Kürtler IŞİD gericiliğine karşı ilerici savaşında ve somut olarak IŞİD’i geriletme pratikleriyle tarihi bir rol oynamış, kahramanlıklarla örülen muazzam bir direniş ortaya koymuştur. Bu sayededir ki, Kürtler kendi adına olmaktan öteye, başta bölge halkları olmak üzere tüm insanlık adına takdiri hak eden bir misyon oynamış ve aynı gerekçeyle dünya halklarının sempatisini hak ederek tüm meşruiyetini kanıtlamışlardır.
Özellikle Kobanê direnişi ve zaferiyle IŞİD’in yayılmacı kara istilası somutta durdurulmuş, en azından bölge halkları açısından bir kurtuluş gücü olmuştur Kürtler. Kürtlerin IŞİD’e karşı zaferi IŞİD’in durdurulması ve yenilgiye uğratılmasının ön adımı ve işaret fişeği olmuştur. Bu bağlamda IŞİD’in tehdidi altındaki herkesin Kürtlere borçlu olduğu söylenebilir. Kobanê’de yazılan tarih, insanlık tarihinde hak ettiği yeri alacaktır. IŞİD’e karşı Kobanê’de kazanılan zafer Kürtler tarafından yazılsa da bu zafer insanlığa mal olan ya da insanlık adına kazanılmış bir zaferdir.

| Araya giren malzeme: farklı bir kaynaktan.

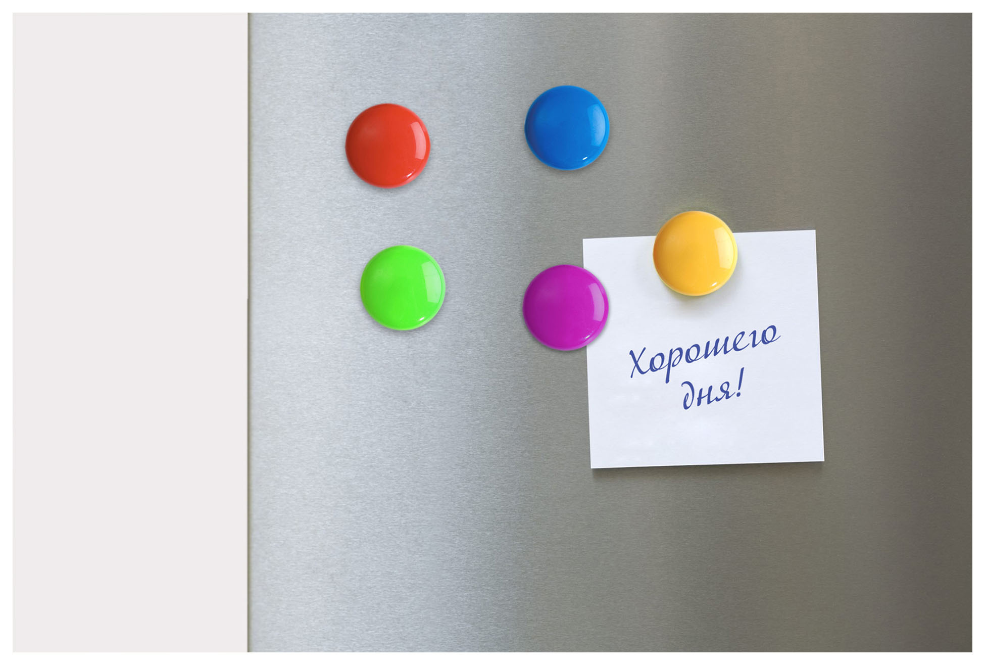 Набор магнитов Buro надежно удерживается на любой железной или стальной поверхности. Прекрасно подойдет для магнитных поверхностей досок, флипчартов. Диаметр магнита составляет 30 мм. Магниты круглой формы выполнены из пластика цвета ассорти. В комплекте 5 штук.
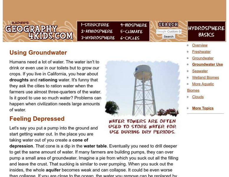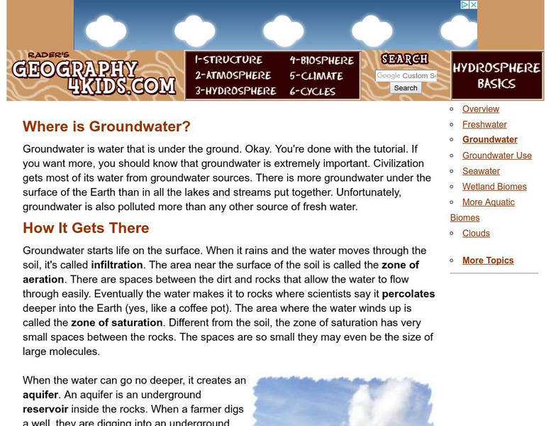 A massive amount of information about groundwater. Topics covered include groundwater basics, humans and groundwater, groundwater quality, and its place in the water cycle. Includes true-and-false quiz and a Q&A section, as well as a...
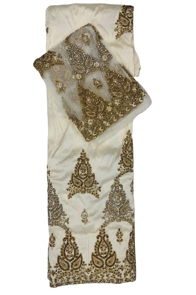 Latest for Cream White Golden Beaded Work Net Blouse for Adults Made From Silk Material George Fabric for African Clothing
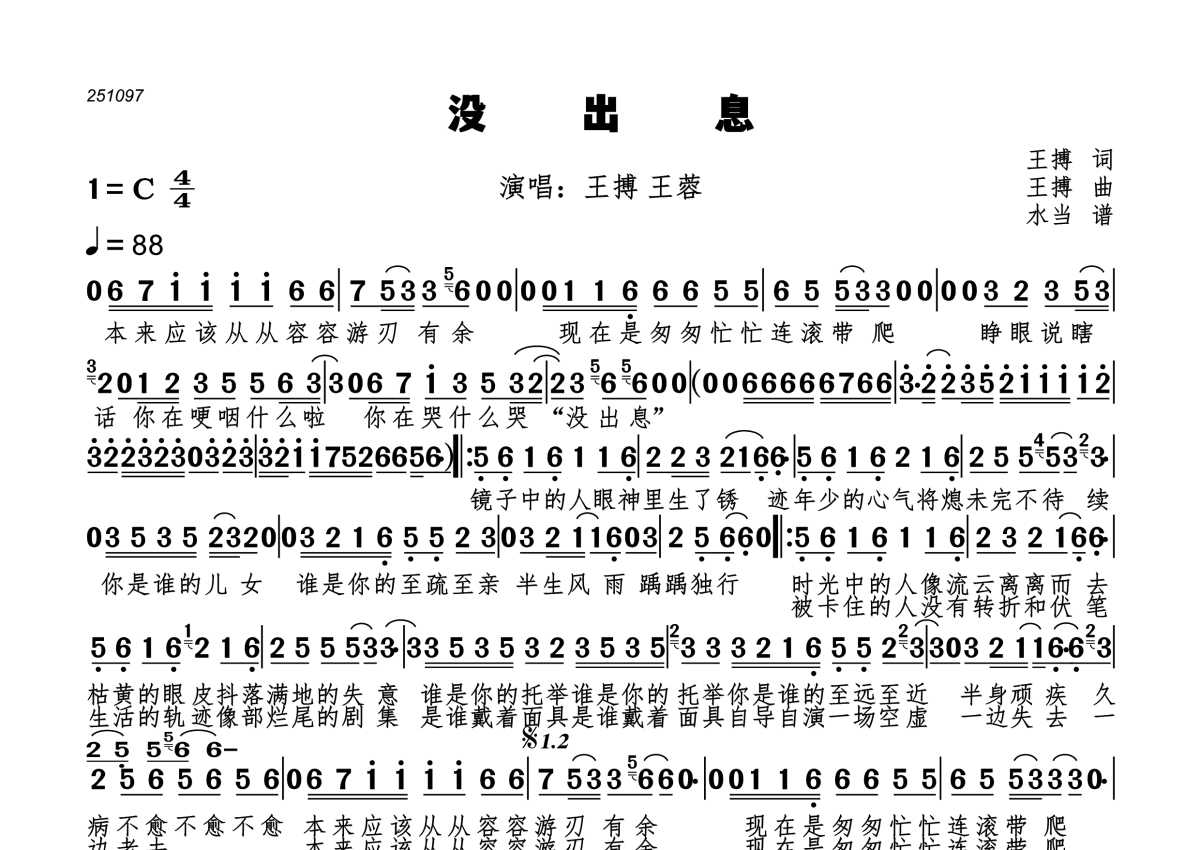 曲谱介绍: 王搏王蓉《没出息》,水当编配出品,共有1张高清图谱,免翻页排版设计。
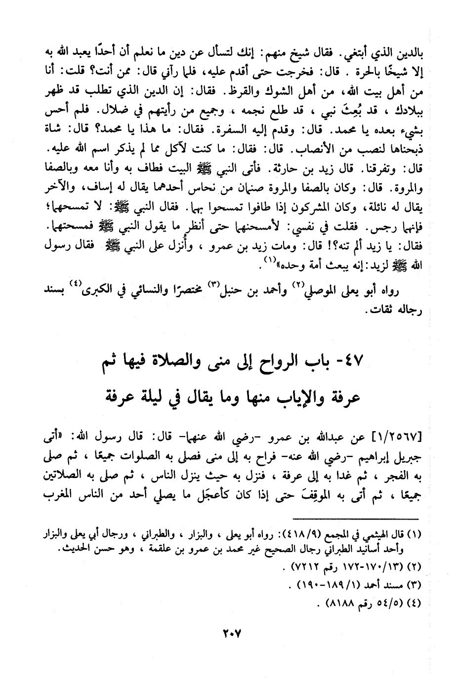 بِالدِّينِ الَّذِي أَبْتَغِي. فَقَالَ شَيْخٌ مِنْهُمْ: إِنَّكَ لَتَسْأَلُ عَنْ دِينٍ مَا نَعْلَمُ أَنَّ أَحَدًا يَعْبُدُ اللَّهَ بِهِ إِلَّا شَيْخًا بِالْحَرَّةِ. قَالَ: فَخَرَجْتُ حَتَّى أُقْدِمَ عَلَيْهِ، فَلَمَّا رَآنِي قَالَ: مِمَّنْ أَنْتَ؟ قُلْتُ: أَنَا مِنْ أَهْلِ بَيْتِ اللَّهِ، مِنْ أَهْلِ الشَّوْكِ وَالْقَرَظِ. فَقَالَ: إِنَّ الدِّينَ الَّذِي تَطْلُبُ قَدْ ظَهَرَ بِبِلَادِكَ، قَدْ بُعِثَ نَبِيٌّ، قَدْ طَلَعَ نَجْمُهُ، وَجَمِيعُ مِنْ رأيتهم في ضلال. فلم أحس بِشَيْءٍ بَعْدَهُ يَا مُحَمَّدُ. قَالَ: وَقَدَّمَ إِلَيْهِ السُّفْرَةَ. فَقَالَ: مَا هَذَا يَا مُحَمَّدُ؟ قَالَ: شَاةٌ ذَبَحْنَاهَا لِنُصْبٍ مِنَ الْأَنْصَابِ. قَالَ: فَقَالَ: مَا كُنْتُ لِآكُلُ مِمَّا لَمْ يُذْكَرِ اسْمُ اللَّهِ عَلَيْهِ. قَالَ: وَتَفَرَّقْنَا. قَالَ زَيْدُ بْنُ حَارِثَةَ. فَأَتَى النَّبِيُّ - صَلَّى اللَّهُ عَلَيْهِ وَسَلَّمَ - الْبَيْتَ فَطَافَ بِهِ وَأَنَا مَعَهُ وَبِالصَّفَا وَالْمَرْوَةِ. قَالَ: وَكَانَ بِالصَّفَا وَالْمَرْوَةِ صَنَمَانِ مِنْ نُحَاسٍ أَحَدُهُمَا يُقَالُ لَهُ إِسَافُ، وَالْآخَرُ يُقَالُ لَهُ نَائِلَةُ، وَكَانَ الْمُشْرِكُونَ إِذَا طَافُوا تَمَسَّحُوا بِهِمَا. فَقَالَ النَّبِيُّ - صَلَّى اللَّهُ عَلَيْهِ وَسَلَّمَ -: لَا تَمْسَحْهُمَا، فَإِنَّهُمَا رِجْسٌ. فَقُلْتُ فِي نَفْسِي: لِأَمْسَحَنَّهُمَا حَتَّى أَنْظُرَ مَا يَقُولُ النَّبِيُّ - صَلَّى اللَّهُ عَلَيْهِ وَسَلَّمَ - فَمَسَحْتُهُمَا. فَقَالَ: يَا زَيْدُ أَلَمْ تنه؟! قال: ومات زيد بن عمرو، وأنزلت عَلَى النَّبِيِّ - صَلَّى اللَّهُ عَلَيْهِ وَسَلَّمَ - فَقَالَ رَسُولُ اللَّهِ - صَلَّى اللَّهُ عَلَيْهِ وَسَلَّمَ - فِيهِ لِزَيْدٍ: إِنَّهُ يُبْعَثُ أُمَّةً وَحْدَهُ ".

Bugün Kobanê bir kez daha IŞİD’in katliam saldırılarına maruz kaldı. Bu saldırı da Kürtler tarafından bertaraf edilerek ezildi. Meselenin burasında her şey açıktır. Kürtlerin IŞİD’e karşı ilerici-devrimci zaferi, kuşku duyulmayı gerektirmeyecek kadar emin bir gerçektir. IŞİD Kürt kalelerini istila etme yeteneğinde değildir, Kürtlerin zulme karşı direniş yeteneği denenmiş pratik olarak güven verici başarı noktasındadır. Bunda bir kuşku yoktur. Ancak meselenin arka planı gerçekleştirilen katliam ve saldırı kadar önemlidir.
Mesele Kürtlerin sergileyeceği direniş ve kahramanlık meselesi olsa bunda bir sorunun olmadığı açıktır. Fakat bu gericiliğin nereden beslendiği, tekrar tekrar denenen katliam saldırılarının arka planının ne olduğu görülmesi gereken temel meseledir. Buradaki bütün sorunun, olası bir Kürt devleti veya Kürtlerin elde edeceği statüde düğümlendiği alenidir. Bölgede değişik statüde muhtemel bir Kürt oluşumunun kurulması kimleri rahatsız etmektedir sorusu meselenin özüne gitmenin temel noktasıdır. IŞİD’in neden ve kimler tarafından desteklenip finanse edildiği, aynı zamanda yeni katliamlar gerçekleştirmesinin dayanakları, bu soruya verilecek yanıtla bir kez daha açığa çıkarılmış-çıkmış olacaktır. Bu arka planın açığa çıkarılması (ki, bu esasta açıktır da) gerçekleştirilen saldırı ve katliamlardan IŞİD ile birlikte kim(ler)in sorumlu olduğunu ortaya koyma açısından önemlidir.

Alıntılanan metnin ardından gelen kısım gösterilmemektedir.